What you need to do – The answer must give back every line of the data exactly, with no pictures.

Data segment –
= Beginning of Section =

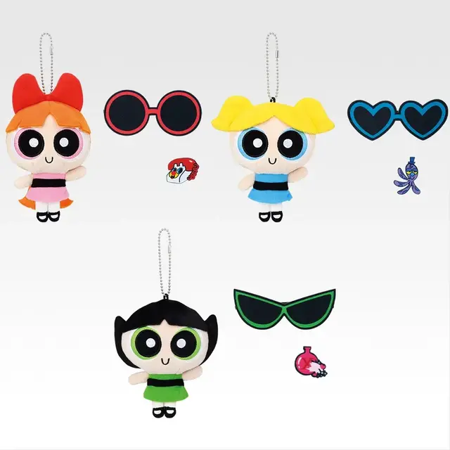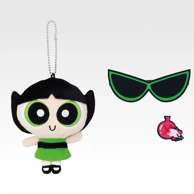 B~D賞はガールズたちのぬいぐるみマスコット。アレンジできるパーツ付きで、サングラス姿にすることができます。E賞はポーチを開け閉めするたびにガールズたちがタウンズヴィルを飛び回るポーチを用意。
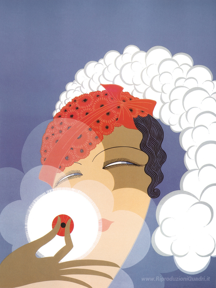 Ti offriamo una riproduzione artigianale su tela dell'opera famosa 'Trucco' di Erte, dal Museo delle Riproduzioni.
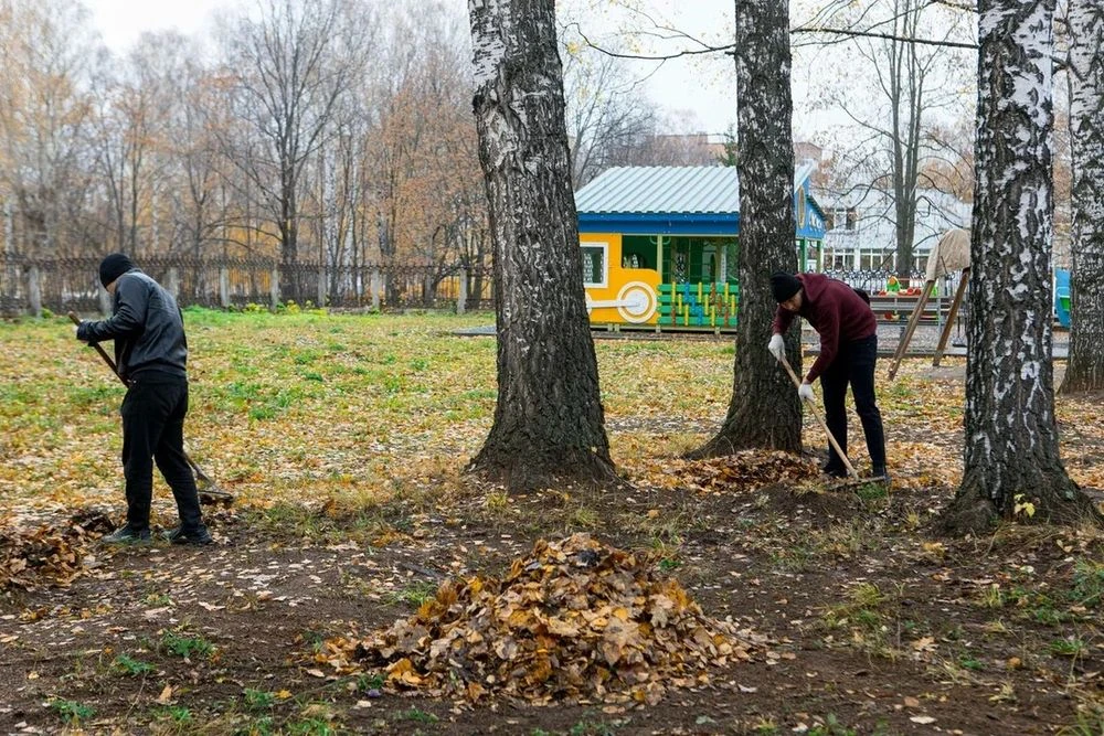 Сотрудники подрядной организации «Ямата», задействованные в реализации инвестиционных проектов на «Нижнекамскнефтехиме», помогли социальному приюту для детей и подростков «Балкыш» убрать территорию от опавшей листвы.

= End of Section =

Exercise solution –
 B~D賞はガールズたちのぬいぐるみマスコット。アレンジできるパーツ付きで、サングラス姿にすることができます。E賞はポーチを開け閉めするたびにガールズたちがタウンズヴィルを飛び回るポーチを用意。
 Ti offriamo una riproduzione artigianale su tela dell'opera famosa 'Trucco' di Erte, dal Museo delle Riproduzioni.
 Сотрудники подрядной организации «Ямата», задействованные в реализации инвестиционных проектов на «Нижнекамскнефтехиме», помогли социальному приюту для детей и подростков «Балкыш» убрать территорию от опавшей листвы.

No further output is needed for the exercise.